• Task: Please reproduce the entire listing exactly.

• Task input:

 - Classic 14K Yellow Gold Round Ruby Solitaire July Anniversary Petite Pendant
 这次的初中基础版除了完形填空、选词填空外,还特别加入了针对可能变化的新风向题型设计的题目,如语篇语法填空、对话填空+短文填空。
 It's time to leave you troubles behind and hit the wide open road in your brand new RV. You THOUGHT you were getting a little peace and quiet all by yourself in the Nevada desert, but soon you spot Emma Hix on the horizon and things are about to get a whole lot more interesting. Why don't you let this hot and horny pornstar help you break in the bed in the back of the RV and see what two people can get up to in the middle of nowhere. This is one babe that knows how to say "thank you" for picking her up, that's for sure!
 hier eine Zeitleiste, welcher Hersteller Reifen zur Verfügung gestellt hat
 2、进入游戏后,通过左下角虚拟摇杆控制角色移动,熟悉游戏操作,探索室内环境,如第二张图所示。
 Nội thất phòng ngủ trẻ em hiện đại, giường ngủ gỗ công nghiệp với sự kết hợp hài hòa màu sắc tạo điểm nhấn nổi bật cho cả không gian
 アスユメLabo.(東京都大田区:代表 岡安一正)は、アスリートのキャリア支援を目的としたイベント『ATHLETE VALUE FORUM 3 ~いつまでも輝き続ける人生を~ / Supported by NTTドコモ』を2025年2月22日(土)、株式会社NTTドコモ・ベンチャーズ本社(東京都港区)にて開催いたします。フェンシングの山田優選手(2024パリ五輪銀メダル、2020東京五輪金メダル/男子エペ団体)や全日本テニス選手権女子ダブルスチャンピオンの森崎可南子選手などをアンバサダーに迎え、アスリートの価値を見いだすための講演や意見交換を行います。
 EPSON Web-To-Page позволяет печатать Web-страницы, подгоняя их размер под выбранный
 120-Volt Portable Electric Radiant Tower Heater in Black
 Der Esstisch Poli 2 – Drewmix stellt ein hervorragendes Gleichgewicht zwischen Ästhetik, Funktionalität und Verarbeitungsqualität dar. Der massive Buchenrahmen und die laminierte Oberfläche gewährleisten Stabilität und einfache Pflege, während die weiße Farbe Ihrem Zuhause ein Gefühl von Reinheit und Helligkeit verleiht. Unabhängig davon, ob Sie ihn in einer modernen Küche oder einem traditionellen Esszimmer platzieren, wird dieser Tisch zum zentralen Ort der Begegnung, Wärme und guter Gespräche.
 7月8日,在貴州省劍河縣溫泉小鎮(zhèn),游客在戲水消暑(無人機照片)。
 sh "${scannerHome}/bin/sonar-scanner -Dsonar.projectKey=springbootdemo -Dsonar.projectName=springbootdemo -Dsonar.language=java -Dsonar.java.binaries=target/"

• Exercise result:
 - Classic 14K Yellow Gold Round Ruby Solitaire July Anniversary Petite Pendant
 这次的初中基础版除了完形填空、选词填空外,还特别加入了针对可能变化的新风向题型设计的题目,如语篇语法填空、对话填空+短文填空。
 It's time to leave you troubles behind and hit the wide open road in your brand new RV. You THOUGHT you were getting a little peace and quiet all by yourself in the Nevada desert, but soon you spot Emma Hix on the horizon and things are about to get a whole lot more interesting. Why don't you let this hot and horny pornstar help you break in the bed in the back of the RV and see what two people can get up to in the middle of nowhere. This is one babe that knows how to say "thank you" for picking her up, that's for sure!
 hier eine Zeitleiste, welcher Hersteller Reifen zur Verfügung gestellt hat
 2、进入游戏后,通过左下角虚拟摇杆控制角色移动,熟悉游戏操作,探索室内环境,如第二张图所示。
 Nội thất phòng ngủ trẻ em hiện đại, giường ngủ gỗ công nghiệp với sự kết hợp hài hòa màu sắc tạo điểm nhấn nổi bật cho cả không gian
 アスユメLabo.(東京都大田区:代表 岡安一正)は、アスリートのキャリア支援を目的としたイベント『ATHLETE VALUE FORUM 3 ~いつまでも輝き続ける人生を~ / Supported by NTTドコモ』を2025年2月22日(土)、株式会社NTTドコモ・ベンチャーズ本社(東京都港区)にて開催いたします。フェンシングの山田優選手(2024パリ五輪銀メダル、2020東京五輪金メダル/男子エペ団体)や全日本テニス選手権女子ダブルスチャンピオンの森崎可南子選手などをアンバサダーに迎え、アスリートの価値を見いだすための講演や意見交換を行います。
 EPSON Web-To-Page позволяет печатать Web-страницы, подгоняя их размер под выбранный
 120-Volt Portable Electric Radiant Tower Heater in Black
 Der Esstisch Poli 2 – Drewmix stellt ein hervorragendes Gleichgewicht zwischen Ästhetik, Funktionalität und Verarbeitungsqualität dar. Der massive Buchenrahmen und die laminierte Oberfläche gewährleisten Stabilität und einfache Pflege, während die weiße Farbe Ihrem Zuhause ein Gefühl von Reinheit und Helligkeit verleiht. Unabhängig davon, ob Sie ihn in einer modernen Küche oder einem traditionellen Esszimmer platzieren, wird dieser Tisch zum zentralen Ort der Begegnung, Wärme und guter Gespräche.
 7月8日,在貴州省劍河縣溫泉小鎮(zhèn),游客在戲水消暑(無人機照片)。
 sh "${scannerHome}/bin/sonar-scanner -Dsonar.projectKey=springbootdemo -Dsonar.projectName=springbootdemo -Dsonar.language=java -Dsonar.java.binaries=target/"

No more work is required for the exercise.